(Data shown begins)

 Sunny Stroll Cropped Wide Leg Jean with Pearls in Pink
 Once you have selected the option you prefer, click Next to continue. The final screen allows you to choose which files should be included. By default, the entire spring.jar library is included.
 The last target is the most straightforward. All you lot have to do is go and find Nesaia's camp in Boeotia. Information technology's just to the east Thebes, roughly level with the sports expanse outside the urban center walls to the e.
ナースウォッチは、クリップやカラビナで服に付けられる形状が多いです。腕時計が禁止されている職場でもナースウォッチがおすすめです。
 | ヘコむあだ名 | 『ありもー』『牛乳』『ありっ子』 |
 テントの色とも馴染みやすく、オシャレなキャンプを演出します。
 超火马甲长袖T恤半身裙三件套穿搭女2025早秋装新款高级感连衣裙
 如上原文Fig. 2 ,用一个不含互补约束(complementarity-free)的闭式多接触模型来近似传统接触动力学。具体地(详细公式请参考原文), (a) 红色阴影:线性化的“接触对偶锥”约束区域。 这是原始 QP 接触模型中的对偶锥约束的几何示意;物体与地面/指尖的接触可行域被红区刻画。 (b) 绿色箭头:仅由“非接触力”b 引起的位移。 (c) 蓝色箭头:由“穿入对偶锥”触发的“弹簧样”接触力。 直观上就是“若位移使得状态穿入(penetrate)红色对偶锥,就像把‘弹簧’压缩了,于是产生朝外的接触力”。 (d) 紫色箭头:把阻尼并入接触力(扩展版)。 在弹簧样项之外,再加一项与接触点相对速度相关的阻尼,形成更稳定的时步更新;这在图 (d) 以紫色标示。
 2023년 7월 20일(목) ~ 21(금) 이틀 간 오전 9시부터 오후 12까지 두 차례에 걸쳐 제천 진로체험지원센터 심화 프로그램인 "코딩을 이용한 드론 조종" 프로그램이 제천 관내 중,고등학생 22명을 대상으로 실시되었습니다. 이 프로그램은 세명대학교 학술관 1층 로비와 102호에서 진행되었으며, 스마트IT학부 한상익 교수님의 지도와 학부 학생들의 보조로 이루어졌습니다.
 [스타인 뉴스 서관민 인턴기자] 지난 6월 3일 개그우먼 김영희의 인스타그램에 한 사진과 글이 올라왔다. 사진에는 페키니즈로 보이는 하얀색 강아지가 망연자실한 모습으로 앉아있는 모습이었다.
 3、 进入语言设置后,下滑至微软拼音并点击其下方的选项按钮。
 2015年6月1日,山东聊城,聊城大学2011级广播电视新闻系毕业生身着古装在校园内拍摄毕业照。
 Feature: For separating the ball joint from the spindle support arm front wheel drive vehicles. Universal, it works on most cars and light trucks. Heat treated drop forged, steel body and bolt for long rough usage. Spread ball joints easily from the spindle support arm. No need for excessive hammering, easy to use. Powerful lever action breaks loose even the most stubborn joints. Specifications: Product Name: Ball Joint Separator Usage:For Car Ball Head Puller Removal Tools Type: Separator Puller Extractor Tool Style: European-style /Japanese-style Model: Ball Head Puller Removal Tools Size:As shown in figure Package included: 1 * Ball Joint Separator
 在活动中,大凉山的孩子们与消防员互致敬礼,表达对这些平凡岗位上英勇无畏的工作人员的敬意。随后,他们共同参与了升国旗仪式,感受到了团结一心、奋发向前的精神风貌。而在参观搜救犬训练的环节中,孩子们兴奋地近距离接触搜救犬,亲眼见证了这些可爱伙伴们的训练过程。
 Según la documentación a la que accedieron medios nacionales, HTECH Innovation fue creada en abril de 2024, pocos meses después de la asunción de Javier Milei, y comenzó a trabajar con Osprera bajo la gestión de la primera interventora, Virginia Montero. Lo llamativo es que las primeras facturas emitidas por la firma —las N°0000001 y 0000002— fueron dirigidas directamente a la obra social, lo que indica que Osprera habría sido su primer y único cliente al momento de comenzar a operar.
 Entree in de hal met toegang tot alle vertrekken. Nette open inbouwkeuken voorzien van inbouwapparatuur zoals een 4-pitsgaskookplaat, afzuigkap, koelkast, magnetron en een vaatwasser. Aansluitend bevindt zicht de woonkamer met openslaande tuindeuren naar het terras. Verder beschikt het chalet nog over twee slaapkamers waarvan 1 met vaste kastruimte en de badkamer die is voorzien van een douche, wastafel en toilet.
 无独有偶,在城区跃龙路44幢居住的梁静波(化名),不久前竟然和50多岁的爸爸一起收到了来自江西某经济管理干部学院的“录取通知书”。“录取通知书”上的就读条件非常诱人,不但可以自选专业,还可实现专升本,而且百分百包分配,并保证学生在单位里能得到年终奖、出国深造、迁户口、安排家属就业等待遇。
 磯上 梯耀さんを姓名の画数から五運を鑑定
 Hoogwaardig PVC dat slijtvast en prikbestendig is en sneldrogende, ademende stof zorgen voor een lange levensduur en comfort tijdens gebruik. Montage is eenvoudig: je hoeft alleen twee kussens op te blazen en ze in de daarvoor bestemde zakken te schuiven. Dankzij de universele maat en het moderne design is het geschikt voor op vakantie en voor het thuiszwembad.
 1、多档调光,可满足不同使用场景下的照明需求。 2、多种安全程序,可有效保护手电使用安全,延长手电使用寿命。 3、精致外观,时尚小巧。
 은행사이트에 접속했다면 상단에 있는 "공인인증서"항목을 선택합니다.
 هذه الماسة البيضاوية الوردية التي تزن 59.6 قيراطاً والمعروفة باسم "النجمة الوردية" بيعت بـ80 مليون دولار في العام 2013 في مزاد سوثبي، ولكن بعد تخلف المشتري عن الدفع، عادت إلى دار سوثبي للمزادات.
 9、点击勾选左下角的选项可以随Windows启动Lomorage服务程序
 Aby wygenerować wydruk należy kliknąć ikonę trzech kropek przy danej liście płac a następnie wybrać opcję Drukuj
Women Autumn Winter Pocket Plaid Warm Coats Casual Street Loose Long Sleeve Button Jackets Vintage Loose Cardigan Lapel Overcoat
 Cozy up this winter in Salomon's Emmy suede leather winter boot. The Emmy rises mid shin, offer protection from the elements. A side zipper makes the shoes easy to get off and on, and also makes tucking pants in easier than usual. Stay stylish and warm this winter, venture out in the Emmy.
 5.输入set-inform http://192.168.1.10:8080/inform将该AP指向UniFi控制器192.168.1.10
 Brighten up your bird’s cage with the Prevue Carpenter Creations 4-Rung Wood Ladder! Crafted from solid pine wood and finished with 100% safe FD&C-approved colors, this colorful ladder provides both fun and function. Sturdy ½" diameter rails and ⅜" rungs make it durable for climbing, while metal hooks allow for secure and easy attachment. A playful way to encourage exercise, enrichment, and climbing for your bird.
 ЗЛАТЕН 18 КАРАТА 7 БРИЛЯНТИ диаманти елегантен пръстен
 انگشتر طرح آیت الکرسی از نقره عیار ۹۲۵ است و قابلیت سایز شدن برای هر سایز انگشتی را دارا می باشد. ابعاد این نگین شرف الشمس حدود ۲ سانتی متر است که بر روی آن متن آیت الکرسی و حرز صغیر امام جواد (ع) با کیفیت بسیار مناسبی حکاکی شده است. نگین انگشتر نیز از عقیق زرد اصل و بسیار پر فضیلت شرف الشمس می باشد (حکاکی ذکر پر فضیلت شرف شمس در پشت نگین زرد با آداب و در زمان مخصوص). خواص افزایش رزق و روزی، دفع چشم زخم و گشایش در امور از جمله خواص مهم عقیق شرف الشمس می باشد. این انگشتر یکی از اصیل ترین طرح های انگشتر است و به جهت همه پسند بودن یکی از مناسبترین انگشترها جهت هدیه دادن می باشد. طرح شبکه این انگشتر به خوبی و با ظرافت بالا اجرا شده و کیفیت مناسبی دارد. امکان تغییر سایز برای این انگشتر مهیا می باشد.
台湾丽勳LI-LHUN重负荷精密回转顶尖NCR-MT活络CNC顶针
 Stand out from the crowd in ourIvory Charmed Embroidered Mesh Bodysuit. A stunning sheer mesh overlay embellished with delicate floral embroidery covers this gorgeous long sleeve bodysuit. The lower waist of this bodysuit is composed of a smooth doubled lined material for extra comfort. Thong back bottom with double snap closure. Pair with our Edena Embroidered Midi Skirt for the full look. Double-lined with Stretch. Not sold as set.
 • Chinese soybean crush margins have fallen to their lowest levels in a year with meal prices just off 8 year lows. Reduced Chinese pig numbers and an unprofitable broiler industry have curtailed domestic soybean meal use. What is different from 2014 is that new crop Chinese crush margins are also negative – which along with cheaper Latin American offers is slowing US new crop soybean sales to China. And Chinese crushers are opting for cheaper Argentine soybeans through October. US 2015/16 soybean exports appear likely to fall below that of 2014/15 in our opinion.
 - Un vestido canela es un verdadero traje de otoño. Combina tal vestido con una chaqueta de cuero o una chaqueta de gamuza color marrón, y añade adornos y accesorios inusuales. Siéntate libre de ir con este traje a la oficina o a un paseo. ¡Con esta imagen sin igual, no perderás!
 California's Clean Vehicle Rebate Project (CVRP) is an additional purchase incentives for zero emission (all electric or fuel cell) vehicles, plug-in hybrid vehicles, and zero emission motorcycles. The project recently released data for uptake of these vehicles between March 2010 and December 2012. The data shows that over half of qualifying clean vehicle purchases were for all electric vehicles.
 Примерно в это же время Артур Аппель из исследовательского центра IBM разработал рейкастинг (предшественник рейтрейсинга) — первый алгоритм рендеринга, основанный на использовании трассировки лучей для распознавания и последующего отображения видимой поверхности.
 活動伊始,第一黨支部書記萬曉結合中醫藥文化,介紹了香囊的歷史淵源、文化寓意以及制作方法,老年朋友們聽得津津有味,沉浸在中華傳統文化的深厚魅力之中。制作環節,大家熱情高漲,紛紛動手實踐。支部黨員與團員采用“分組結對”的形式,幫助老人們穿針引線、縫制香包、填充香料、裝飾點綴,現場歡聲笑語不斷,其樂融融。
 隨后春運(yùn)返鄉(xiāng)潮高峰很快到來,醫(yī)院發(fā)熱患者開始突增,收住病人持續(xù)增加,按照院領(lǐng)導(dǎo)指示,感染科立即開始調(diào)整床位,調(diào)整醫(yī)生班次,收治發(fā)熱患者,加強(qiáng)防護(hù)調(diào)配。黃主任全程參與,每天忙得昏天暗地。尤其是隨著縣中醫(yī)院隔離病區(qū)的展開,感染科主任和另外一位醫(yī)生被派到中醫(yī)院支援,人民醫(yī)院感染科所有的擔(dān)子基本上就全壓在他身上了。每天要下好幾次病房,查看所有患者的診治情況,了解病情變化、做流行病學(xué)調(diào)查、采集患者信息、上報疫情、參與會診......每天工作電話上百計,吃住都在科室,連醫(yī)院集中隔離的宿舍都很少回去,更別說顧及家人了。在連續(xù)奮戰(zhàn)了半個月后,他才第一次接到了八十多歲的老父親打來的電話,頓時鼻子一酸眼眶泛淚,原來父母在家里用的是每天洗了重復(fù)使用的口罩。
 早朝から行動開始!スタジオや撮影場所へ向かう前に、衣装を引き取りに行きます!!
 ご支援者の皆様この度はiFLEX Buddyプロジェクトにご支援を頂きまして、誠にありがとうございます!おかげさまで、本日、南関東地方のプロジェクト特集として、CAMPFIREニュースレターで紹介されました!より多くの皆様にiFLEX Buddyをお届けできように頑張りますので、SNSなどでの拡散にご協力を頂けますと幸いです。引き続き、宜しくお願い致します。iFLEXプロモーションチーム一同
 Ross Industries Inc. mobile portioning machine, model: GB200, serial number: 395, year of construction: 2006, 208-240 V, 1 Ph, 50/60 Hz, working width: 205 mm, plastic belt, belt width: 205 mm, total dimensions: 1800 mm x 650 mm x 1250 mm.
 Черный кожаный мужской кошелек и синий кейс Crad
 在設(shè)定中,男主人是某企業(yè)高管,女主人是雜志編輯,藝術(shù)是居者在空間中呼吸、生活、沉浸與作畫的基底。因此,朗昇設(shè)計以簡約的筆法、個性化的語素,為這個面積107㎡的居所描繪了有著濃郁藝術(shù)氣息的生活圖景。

(Data shown ends)

Among the lines above, tally those containing the string "this" and give only the result.

Output of the task: 3